We sought to evaluate the transcription accuracy of a modern speech-to-text engine applied to recordings of verbal responses from a list-learning experiment. We used the annotations of human transcribers as a benchmark. We carried out a preliminary analysis to assess the degree of absolute agreement between the human-generated and computer-generated transcripts. We then carried out a series of post hoc analyses to evaluate how well the computer-generated transcripts recovered the detailed recall dynamics (Kahana 2012, 2017; Manning et al., 2015) reflected in the human-generated transcripts.

Transcription accuracy

An accurate computer-generated transcript should satisfy three basic criteria. First, it should have a high hit rate, in that the computer-generated transcript should contain each of the words also contained in the human-generated transcript. We defined the hit rate as the average (across lists) proportion of words in the human-generated transcripts that were also contained in the computer-generated transcripts. Second, it should have a low false alarm rate, in that the computer-generated transcript should not contain words that were not also contained in the human-generated transcript. We defined the false alarm rate as the average (across lists) proportion of words in the computer-generated transcripts that were not contained in the human-generated transcripts. Third, for words in both sets of transcripts, the speech onset times should match well.

Because the speech-to-text engine we evaluated is probabilistic, each outputted response in the computer-generated transcripts is associated with a confidence rating. For this analysis, we used the receiver operating characteristic (ROC) to evaluate how the hit rate and false alarm rate varied as a function of the speech-to-text engine’s confidence ratings (Fig. 2; area under the ROC: 0.907). Our analysis revealed that the human-generated transcripts matched the computer-generated transcripts well, in terms of the set of words each contained. This finding, that the two sets of transcripts matched well, indicates that the verbal responses transcribed by the speech-to-text engine were an accurate reflection of what the participants actually said (as judged by human observers). Note that in subsequent analyses we ignored the speech-to-text engine’s confidence ratings (i.e., we included every transcribed word, regardless of rated confidence, in our analyses below).

Fig. 2
figure 2

Receiver operating characteristic (ROC) curve. False alarm rate and hit rate as a function of the speech-to-text engine’s confidence ratings (evaluated on the interval \(\left [0, 1\right ]\) in increments of 0.1). The ROC curve reflects an average across a total of 240 lists studied by 30 participants. Error ellipses denote 95% confidence intervals (across subjects)

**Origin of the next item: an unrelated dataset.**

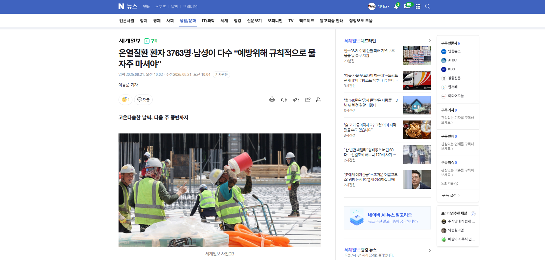 온열질환 환자 3763명·남성이 다수 “예방위해 규칙적으로 물 자주 마셔야”

In addition to evaluating the degree of match between the words identified in the human-generated and computer-generated transcripts, we also compared the speech onset times of words that appeared in both transcripts. We first correlated the onset times within list, whereby we obtained a total of eight correlations for each participant (one per list). The correlations on every list exceeded 0.99 (Fig. 3a). We next correlated the manually and automatically tagged onset times within subject, aggregating across all of the lists they encountered. We designed this analysis to catch potential failures of the speech-to-text engine to accurately identify differences in speech onset times across lists. Both sets of transcripts again displayed highly correlated onset times; all correlations exceeded 0.995 (Fig. 3b). Last, we correlated the manually and automatically tagged onset times of all recalls, aggregated across all lists and participants. We designed this analysis to catch potential failures of the speech-to-text engine to accurately identify differences in speech onset times across subjects. Again, the two sets of onsets times matched closely (r = 0.99,p < 0.001; Fig. 3c). Taken together, these onset time analyses indicate that the speech-to-text engine accurately identified speech onset times as identified by human annotators.

Fig. 3
figure 3

Speech onset times during recall. a Within-list correlations between human-generated and computer-generated speech onset times during recall. Each participant contributed data for eight lists. b Within-subject correlations between human-generated and computer-generated onset times. c Onset times for individual recalls, as identified manually and automatically. Each recall appears as a single dot

The above analyses show that, to a first approximation, the human-generated and computer-generated transcripts agreed well in terms of the words they contained and the times at which those words were vocalized. We next sought to evaluate the degree to which the computer-generated transcripts captured the detailed recall dynamics reflected in the human-generated transcripts.

Recall dynamics

Participants in our free-recall experiment studied and recalled random word lists. In general, the free-recall literature has characterized participants’ recall dynamics along four dimensions (for review see Kahana (2012)). First, given a just-studied random word list, which word do participants tend to recall first? Second, in which order(s) do participants transition from recalling one word to the next? Third, which words do participants recall overall? And fourth, what sorts of errors (recalls of words that they had not studied) do participants make? We evaluated the degree to which the computer-generated transcripts captured each of these dimensions as compared with the human-generated transcripts.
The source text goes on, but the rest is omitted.